I propose to take Questions Nos. 13, 95 and 102 together.
The principle underlying the availability of public hospital services has, until now, been that admission should be based entirely on the criterion of medical need, irrespective of whether public or private care was required. I am satisfied that this principle has always operated in respect of emergency cases, which must be admitted to whatever bed is available, and this will continue to be the position.
However, there has been a growing concern that the admission arrangements for non-emergency procedures, particularly where there is a significant waiting list, may have been operating to the disadvantage of the public patient. The modifications to these arrangements, which have been agreed by the social partners in the context of the Programme for Economic and Social Progress, are designed to improve equity of access to public hospital services by removing those elements of the present arrangements which may, in practice, be unfair to the public patient. I am glad to have the opportunity to explain in detail why this is the case, and why the concept of a common waiting list for all beds, public and private alike, while attractive in theory, may in practice make it harder rather than easier to achieve equity of access.
At present, every person in the country is entitled to a public bed, but those above a certain income are required to make private arrangements with their consultants. The consultant is, of course, responsible for deciding which patients should be admitted to the available beds. This inevitably gives rise to a perception that a consultant's private patient may be able to jump the queue for a public bed. Deputies will appreciate that it would be very difficult to devise any administrative mechanism to prevent this since the decision as to which patient should be admitted must remain a clinical one.
Under the new arrangements, any person who wishes to be a public patient will be entitled to avail of public consultant care. This will enable us to phase in a requirement that consultants' private patients must use private or semi-private beds if they have been admitted for non-emergency treatment.
The new arrangements will not lead to any reduction in the number of public beds; there will, therefore, be shorter waiting lists for public patients since private non-emergency patients will no longer be treated in these beds. The programme also includes a commitment to monitor the operation of the new arrangements to ensure that they are operating fairly.
The public hospital system will also continue to cater adequately for the private patient.

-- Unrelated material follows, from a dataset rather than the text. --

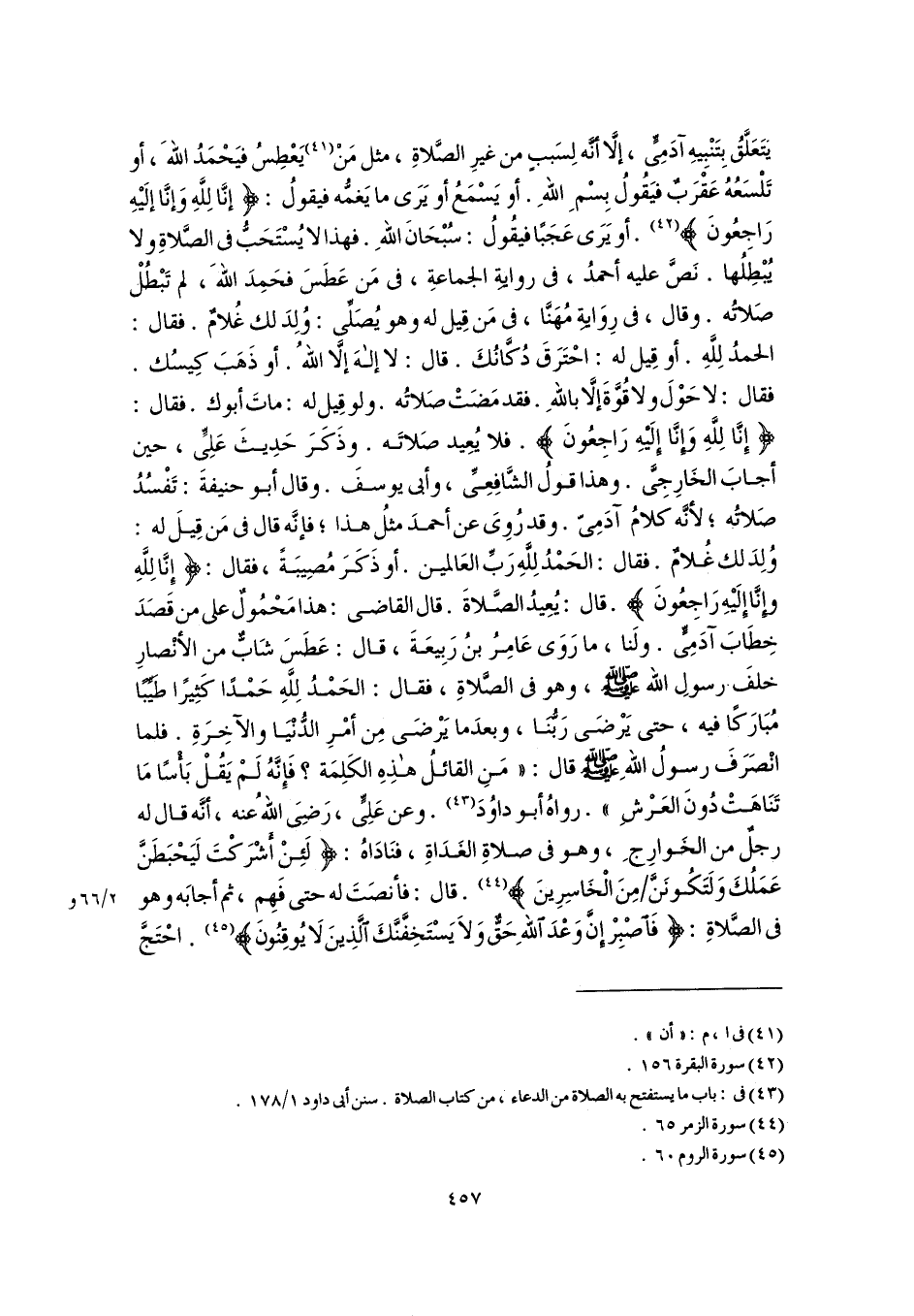 يتَعَلَّقُ بِتَنْبِيهِ آدَمِيٍّ، إلَّا أنَّه لِسَببٍ من غيرِ الصَّلاةِ، مثل مَنْ (٤١) يَعْطِسُ فيَحْمَدُ اللهَ، أو تَلْسَعُهُ عَقْرَبٌ فيَقُولُ بِسْمِ اللهِ. أو يَسْمَعُ أو يَرَى ما يَغمُّه فيقولُ: {إِنَّا لِلَّهِ وَإِنَّا إِلَيْهِ رَاجِعُونَ} (٤٢). أو يَرَى عَجَبًا فيقُولُ: سُبْحَانَ اللهِ. فهذا لا يُسْتَحَبُّ في الصَّلاةِ ولا يُبْطِلُها. نَصَّ عليه أحمدُ، في روايةِ الجماعةِ، في مَن عَطَسَ فحَمِدَ اللهَ، لم تَبْطُلْ صَلاتُه. وقال، في رِوَايةِ مُهَنَّا، في مَن قِيل له وهو يُصَلِّي: وُلِدَ لك غُلامٌ. فقال: الحمدُ لِلَّهِ. أو قِيل له: احْتَرَقَ دُكَّانُكَ. قال: لا إلهَ إلَّا اللهُ. أو ذَهَبَ كِيسُك. فقال: لا حَوْلَ ولا قُوَّةَ إلَّا باللهِ. فقد مَضَتْ صَلاتُه. ولو قِيل له: ماتَ أبوك. فقال: {إِنَّا لِلَّهِ وَإِنَّا إِلَيْهِ رَاجِعُونَ}. فلا يُعِيد صَلاتَه. وذَكَرَ حَدِيثَ عَلِيٍّ، حين أجابَ الخَارِجِيَّ. وهذا قولُ الشَّافِعِيِّ، وأبى يوسفَ. وقال أبو حنيفةَ: تَفْسُدُ صَلاتُه؛ لأنَّه كلامُ آدَمِيّ. وقد رُوِىَ عن أحمدَ مثلُ هذا؛ فإنَّه قال في مَن قِيلَ له: وُلِدَ لك غُلامٌ. فقال: الحَمْدُ لِلهِ رَبِّ العَالمين. أو ذَكَرَ مُصِيبَةً، فقال: {إِنَّا لِلَّهِ وَإِنَّا إِلَيْهِ رَاجِعُونَ}. قال: يُعِيدُ الصَّلاةَ. قال القاضي: هذا مَحْمُولٌ على من قَصَدَ خِطَابَ آدَمِيٍّ. ولَنا، ما رَوَى عَامِرُ بنُ رَبِيعَةَ، قال: عَطَسَ شَابٌّ من الأنْصارِ خلفَ رسولِ اللَّه -صلى اللَّه عليه وسلم-، وهو في الصَّلاةِ، فقال: الحَمْدُ لِلَّهِ حَمْدًا كَثِيرًا طَيِّبًا مُبَارَكًا فيه، حتى يَرْضَى رَبُّنَا، وبعدَما يَرْضَى مِن أمْرِ الدُّنْيَا والآخِرَةِ. فلما انْصَرَفَ رسولُ اللهِ -صلى اللَّه عليه وسلم- قال: "مَنِ القائلُ هذِهِ الكَلِمَة؟ فَإِنَّهُ لَمْ يَقُلْ بَأْسًا مَا تَنَاهَتْ دُونَ العَرْشِ". رواهُ أبو داوُدَ (٤٣). وعن عَلِيٍّ، رَضِىَ اللهُ عنه، أنَّه قال له رجلٌ من الخَوارِجِ، وهو في صلاةِ الغَدَاةِ، فنَادَاهُ: {لَئِنْ أَشْرَكْتَ لَيَحْبَطَنَّ عَمَلُكَ وَلَتَكُونَنَّ مِنَ الْخَاسِرِينَ} (٤٤). قال: فأنصَتَ له حتى فهِم، ثم أجابَه وهو في الصَّلاةِ: {فَاصْبِرْ إِنَّ وَعْدَ اللَّهِ حَقٌّ وَلَا يَسْتَخِفَّنَّكَ الَّذِينَ لَا يُوقِنُونَ} (٤٥). احْتَجَّ

The Government have made it clear that our public hospitals benefit greatly from having a balanced mix of public and private practice, and that the role of private medicine and of voluntary health insurance will not be diminished.
If the new arrangements lead to an increased demand for private and semi-private beds in the public hospitals, this demand can be met on a self-funding basis — it will have no effect on either the number of public beds or the improvements in the position of public patients.
In conclusion, I would ask Deputies to accept that the Government and the other social partners would have had no reason to discuss and agree these new arrangements unless they were specifically designed to increase, rather than reduce the equity of the system. They address the difficulties with the present arrangements which have been highlighted in the analysis of both the Commission on Health Funding and of NESC both of which recommended a change in eligibility on the lines of that now proposed. They arise from the sincere belief that equity and, in particular, the interests of the public patient, will be best served by ensuring that a guaranteed number of beds are available to public patients and by monitoring the operation of the arrangements to make sure that the public patient gets a fair deal.
It is clear to me in the light of the discussions with the social partners and the reports of the Commission on Health Funding and NESC that there is a wide measure of support for the course action which the Government now propose to take.